## Data provided
● ● ● ● ●

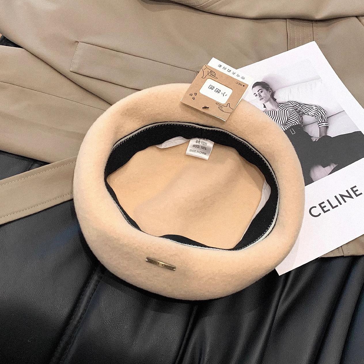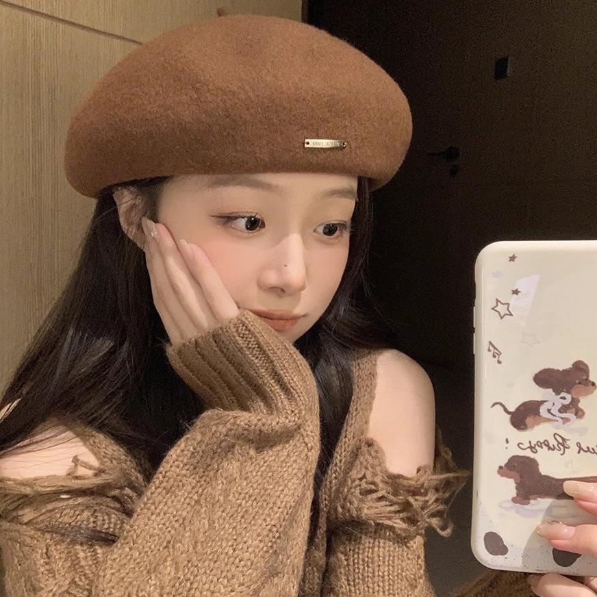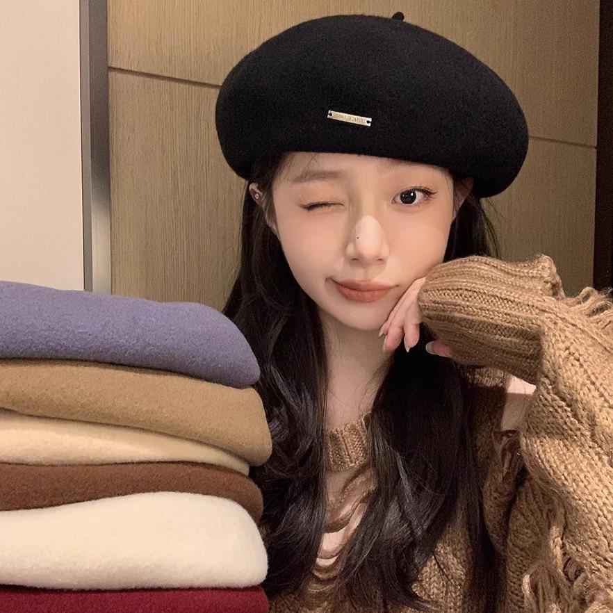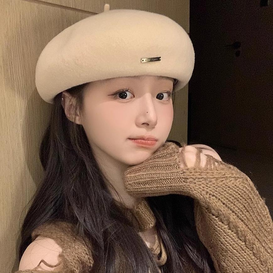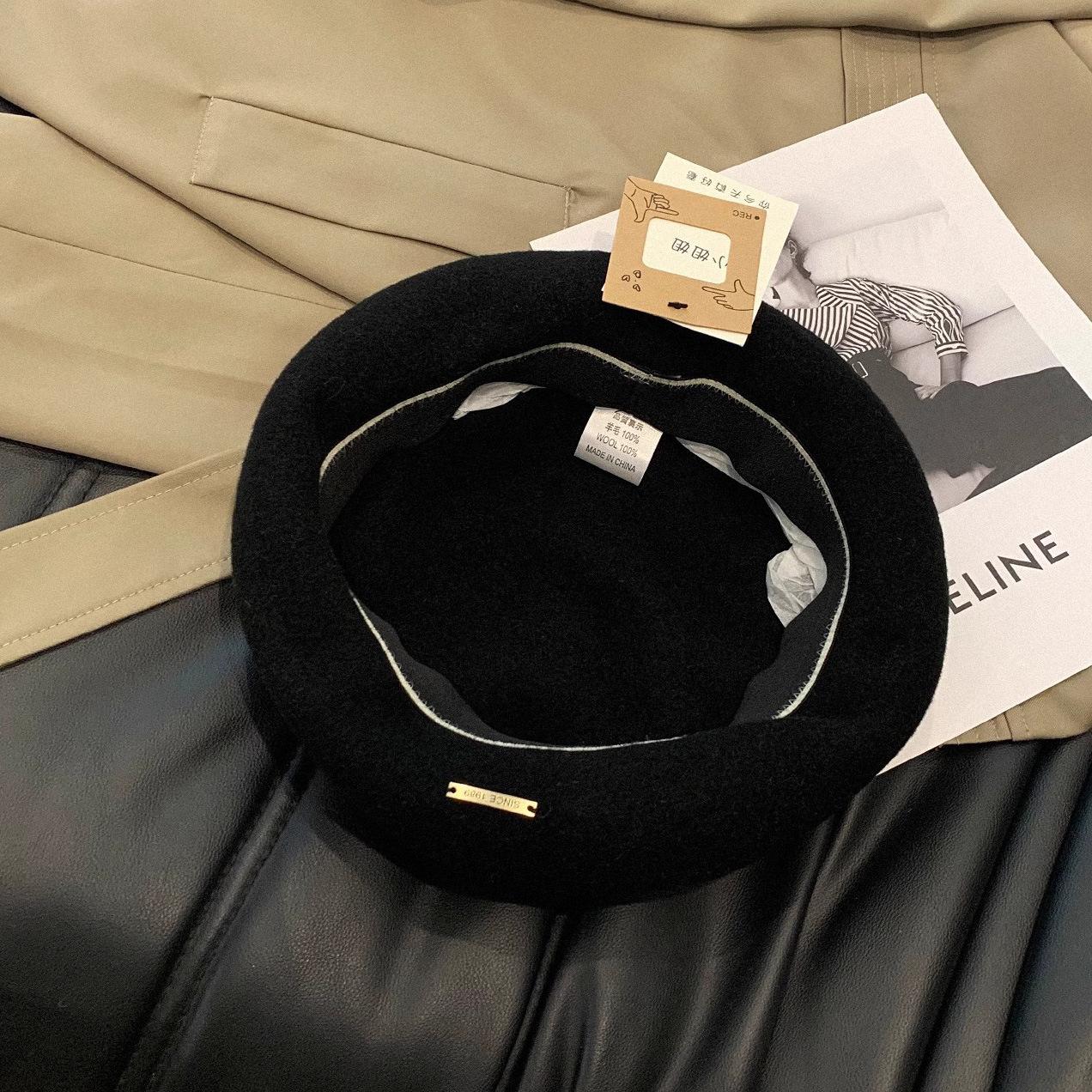 Boina de Lana Gruesa y Pesada de Diseñador para Mujer, Invierno Cálido, a Prueba de Frío, Gorra de Pintor para Mujer, Versátil, Octogonal Tridimensional
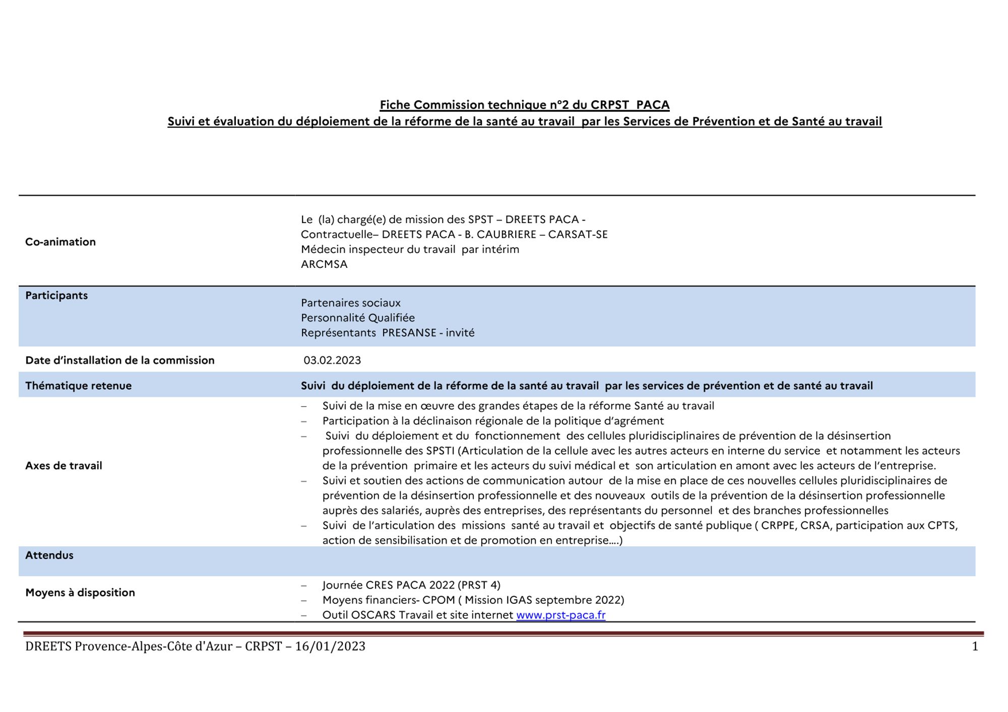 - le suivi et l'évaluation du déploiement de la réforme de la santé au travail par les services de prévention et de santé au travail interentreprises pour la Commission technique n° 2 (CT2).
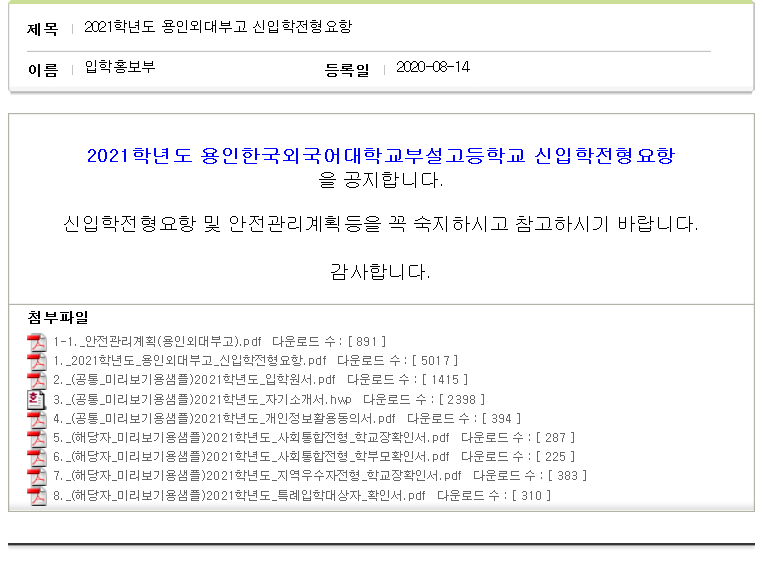 2021학년도 용인한국외국어대학교부설고등학교 신입학전형요항 을 공지합니다. 신입학전형요항 및 안전관리계획등을 꼭 숙지하시고 참고하시기 바랍니다. 감사합니다.

● ● ● ● ●

## Exercise instructions
Quote in full the listing given above; the images are to be left out.

## Result for this exercise
 Boina de Lana Gruesa y Pesada de Diseñador para Mujer, Invierno Cálido, a Prueba de Frío, Gorra de Pintor para Mujer, Versátil, Octogonal Tridimensional
 - le suivi et l'évaluation du déploiement de la réforme de la santé au travail par les services de prévention et de santé au travail interentreprises pour la Commission technique n° 2 (CT2).
 2021학년도 용인한국외국어대학교부설고등학교 신입학전형요항 을 공지합니다. 신입학전형요항 및 안전관리계획등을 꼭 숙지하시고 참고하시기 바랍니다. 감사합니다.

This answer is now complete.